Implicit extrapolation methods for variable coefficient problems

• Published in: SIAM journal on scientific computing Vol. 19; no. 4; pp. 1109 - 1124
• Main Authors: JUNG, M, RÜDE, U
• Format: Journal Article
• Language: English
• Published: Philadelphia, PA Society for Industrial and Applied Mathematics 01.07.1998
• Subjects: Algorithms; Approximation; Boundary conditions; Boundary value problems; Exact sciences and technology; Mathematics; Numerical analysis; Numerical analysis. Scientific computation; Numerical linear algebra; Partial differential equations, boundary value problems; Sciences and techniques of general use; Finite element method; Extrapolation; Stiffness matrix; Numerical integration; Boundary value problem; Multilevel method; Multigrid; Implicit extrapolation method; Partial differential equation; Convergence; Romberg integration method
• ISSN: 1064-8275; 1095-7197
• DOI: 10.1137/S1064827595293557

Implicit extrapolation methods for the solution of partial differential equations are based on applying the extrapolation principle indirectly.
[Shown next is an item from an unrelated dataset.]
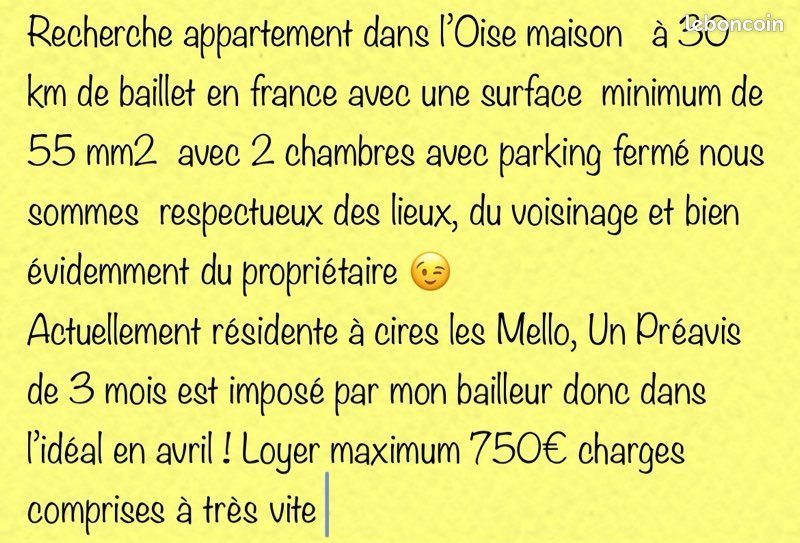Recherche appartement ou maison aux alentours de Neuilly en thelle et alentours dans l’Oise à 25/30 km de baillet en france

Multigrid $\tau$-extrapolation is a special case of this idea. In the context of multilevel finite element methods, an algorithm of this type can be used to raise the approximation order, even when the meshes are nonuniform or locally refined. The implicit extrapolation multigrid algorithm converges to the solution of a higher order finite element system. This is obtained without explicitly constructing higher order stiffness matrices but by applying extrapolation in a natural form within the algorithm. The algorithm requires only a small change of a basic low order multigrid method.